__ABOUT THIS EXERCISE__
Repeat only the lines below from the one containing "appreciate vintage clothing." through the one containing "Each half-chalet features", inclusive, exactly as written.

__DATA EXTRACTS__
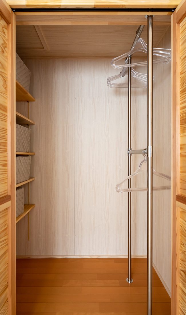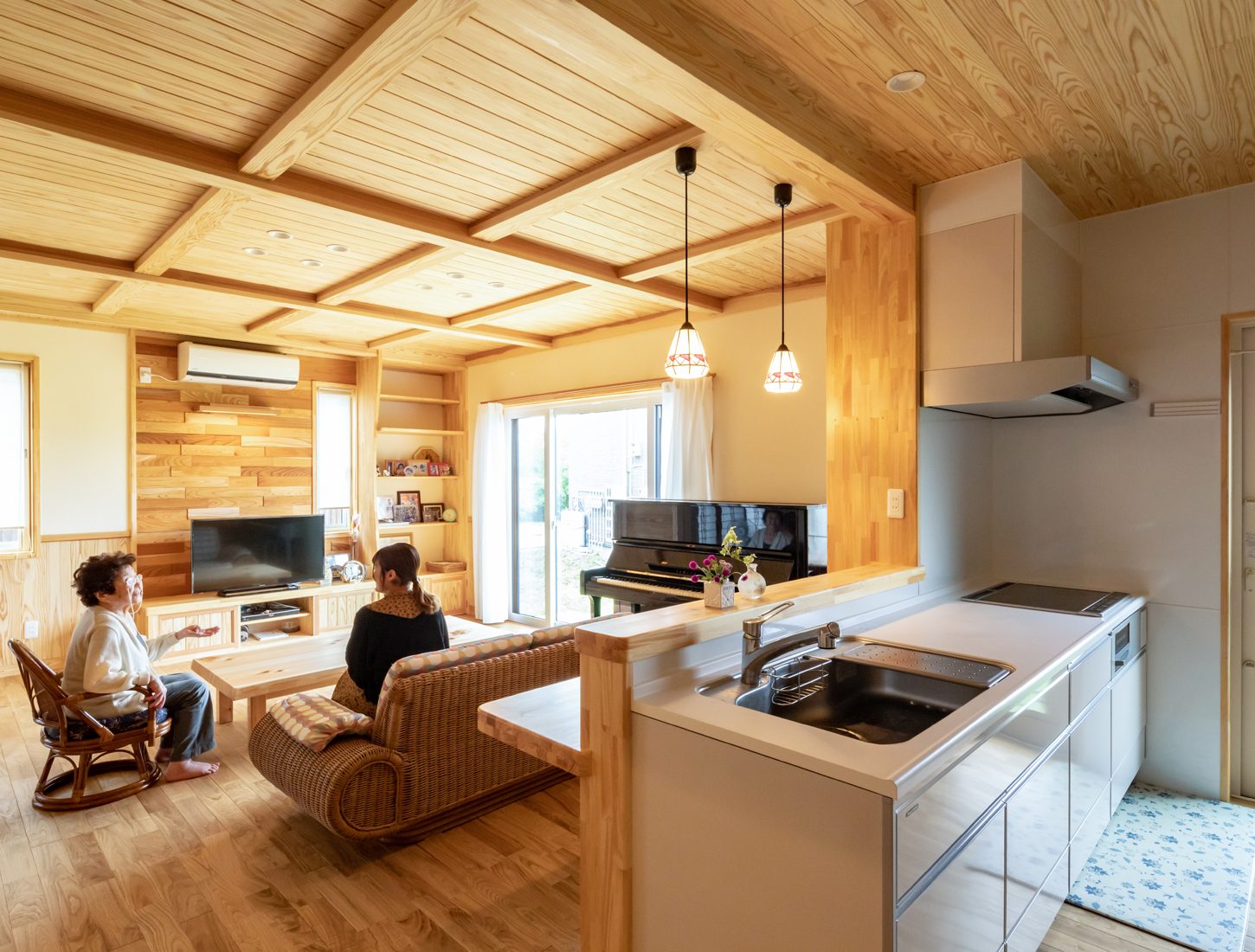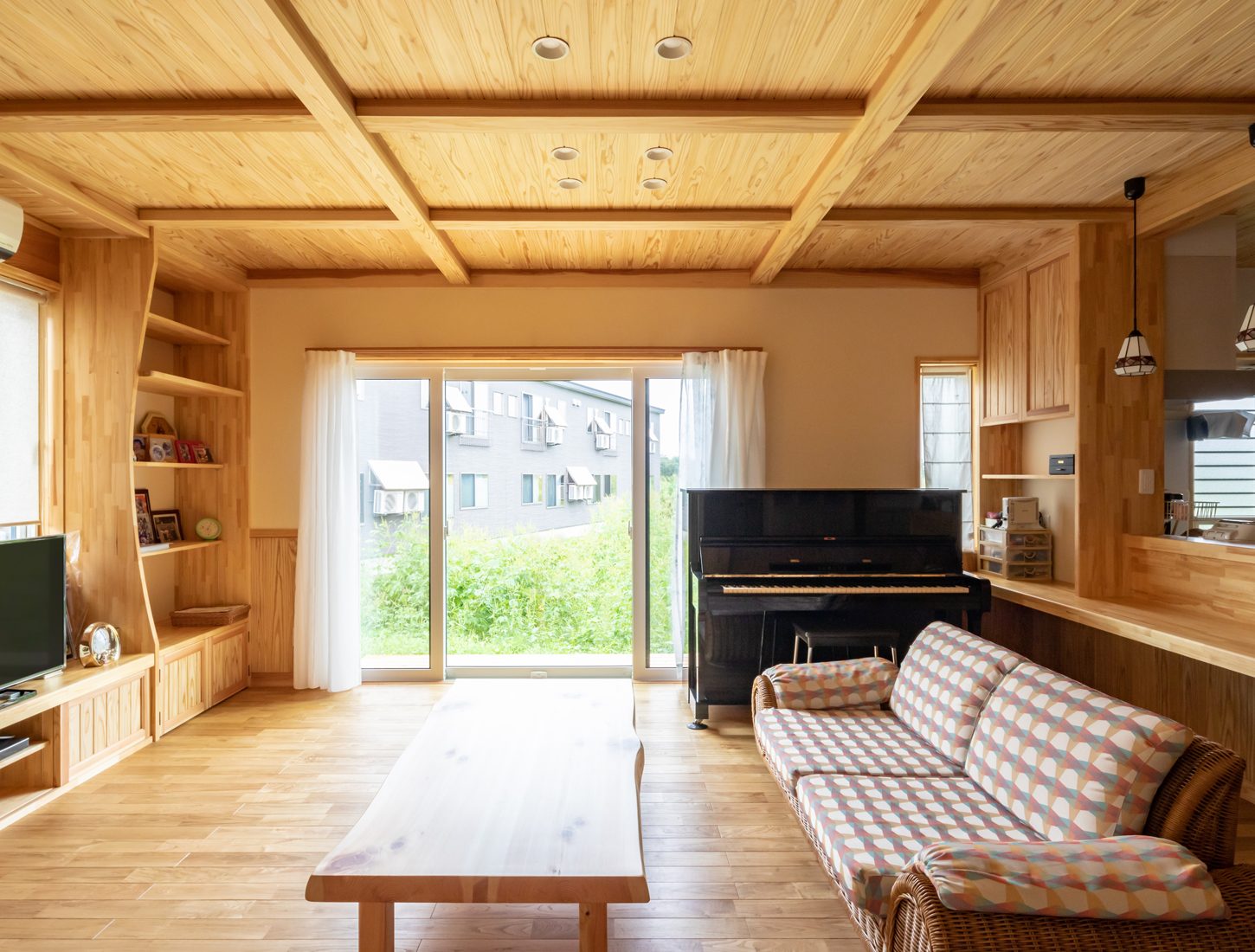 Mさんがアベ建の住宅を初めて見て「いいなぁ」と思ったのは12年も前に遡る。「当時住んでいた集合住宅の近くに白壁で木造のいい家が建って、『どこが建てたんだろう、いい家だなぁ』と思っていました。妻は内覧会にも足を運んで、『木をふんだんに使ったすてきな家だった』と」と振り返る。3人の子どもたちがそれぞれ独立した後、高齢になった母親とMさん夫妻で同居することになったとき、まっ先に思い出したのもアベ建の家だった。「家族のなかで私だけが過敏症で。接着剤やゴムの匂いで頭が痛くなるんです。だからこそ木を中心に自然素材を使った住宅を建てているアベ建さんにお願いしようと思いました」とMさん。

* * *

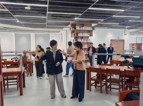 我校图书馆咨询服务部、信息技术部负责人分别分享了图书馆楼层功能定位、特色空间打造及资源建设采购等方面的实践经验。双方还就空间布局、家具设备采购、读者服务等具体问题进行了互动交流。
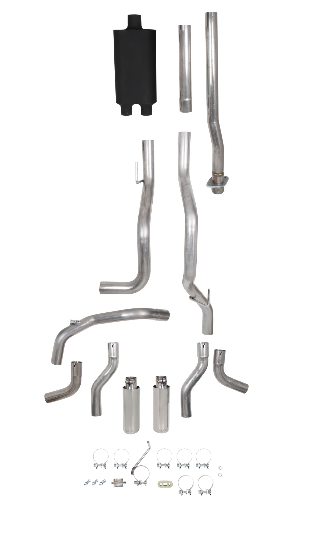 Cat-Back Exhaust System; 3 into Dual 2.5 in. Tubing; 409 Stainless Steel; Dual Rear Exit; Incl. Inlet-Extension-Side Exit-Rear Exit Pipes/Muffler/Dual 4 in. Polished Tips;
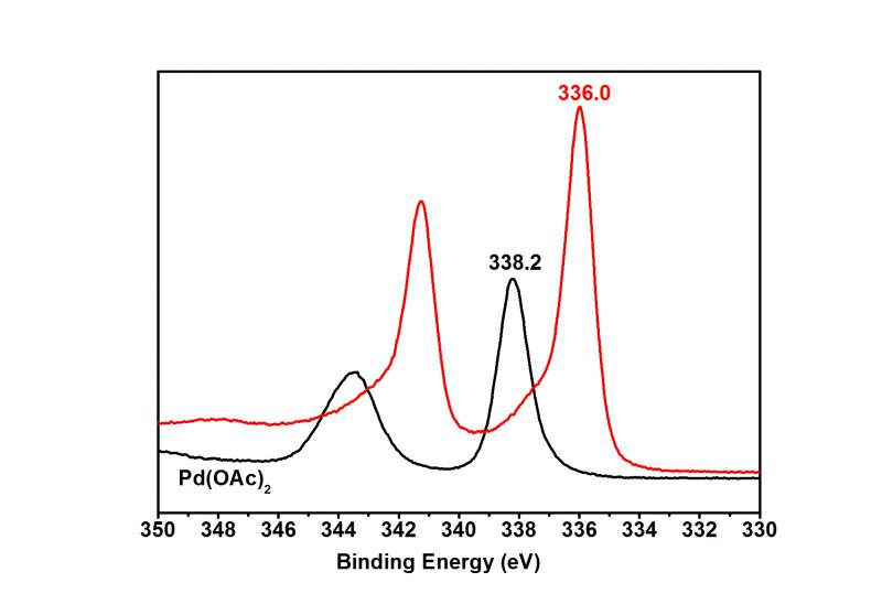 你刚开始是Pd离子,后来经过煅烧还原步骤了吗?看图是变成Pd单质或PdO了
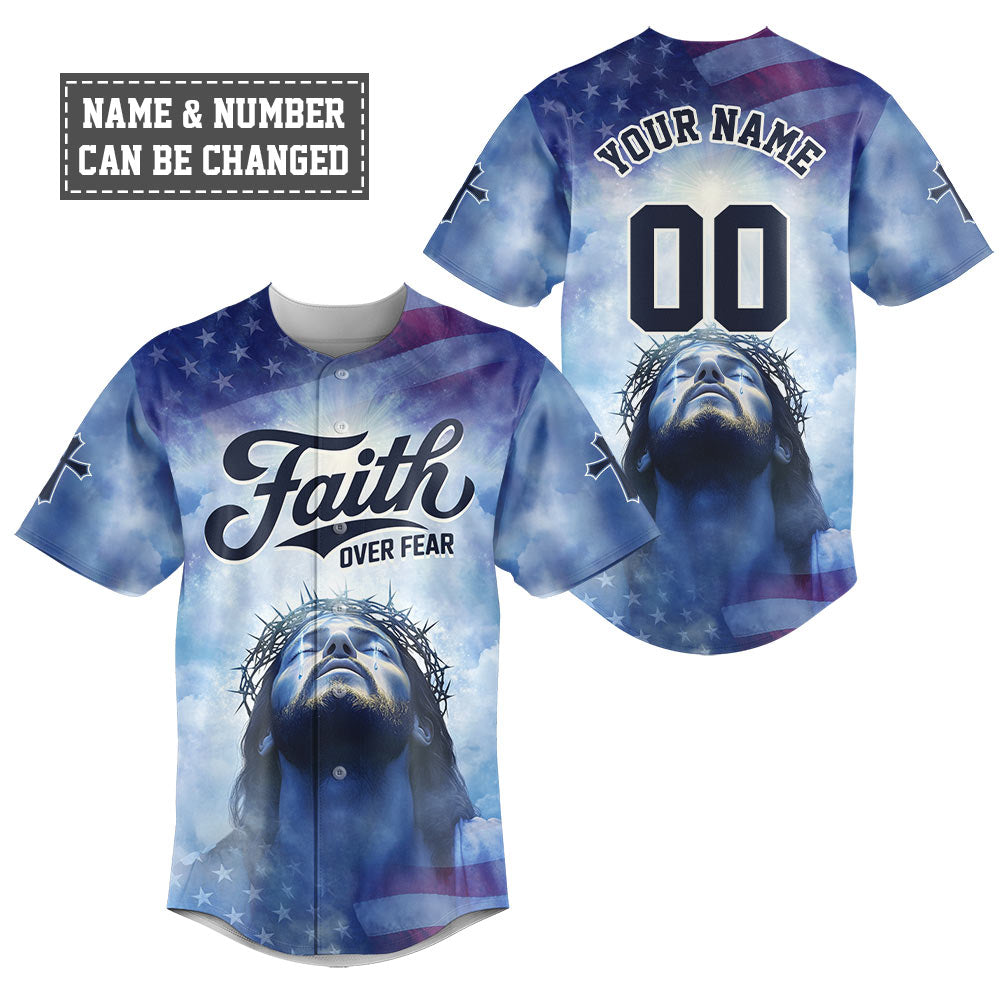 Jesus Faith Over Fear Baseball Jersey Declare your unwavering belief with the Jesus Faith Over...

...

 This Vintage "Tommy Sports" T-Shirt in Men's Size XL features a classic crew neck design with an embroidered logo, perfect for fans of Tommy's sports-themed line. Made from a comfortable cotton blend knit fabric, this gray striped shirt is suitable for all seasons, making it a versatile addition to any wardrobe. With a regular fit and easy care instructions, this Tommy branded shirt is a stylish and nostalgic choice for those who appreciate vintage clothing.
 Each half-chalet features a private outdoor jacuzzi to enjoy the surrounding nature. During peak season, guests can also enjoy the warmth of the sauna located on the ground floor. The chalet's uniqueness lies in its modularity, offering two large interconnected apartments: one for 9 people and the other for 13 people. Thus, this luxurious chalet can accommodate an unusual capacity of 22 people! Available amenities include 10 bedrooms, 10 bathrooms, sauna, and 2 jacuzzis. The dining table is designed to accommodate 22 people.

__ANSWER SPACE__
 This Vintage "Tommy Sports" T-Shirt in Men's Size XL features a classic crew neck design with an embroidered logo, perfect for fans of Tommy's sports-themed line. Made from a comfortable cotton blend knit fabric, this gray striped shirt is suitable for all seasons, making it a versatile addition to any wardrobe. With a regular fit and easy care instructions, this Tommy branded shirt is a stylish and nostalgic choice for those who appreciate vintage clothing.
 Each half-chalet features a private outdoor jacuzzi to enjoy the surrounding nature. During peak season, guests can also enjoy the warmth of the sauna located on the ground floor. The chalet's uniqueness lies in its modularity, offering two large interconnected apartments: one for 9 people and the other for 13 people. Thus, this luxurious chalet can accommodate an unusual capacity of 22 people! Available amenities include 10 bedrooms, 10 bathrooms, sauna, and 2 jacuzzis. The dining table is designed to accommodate 22 people.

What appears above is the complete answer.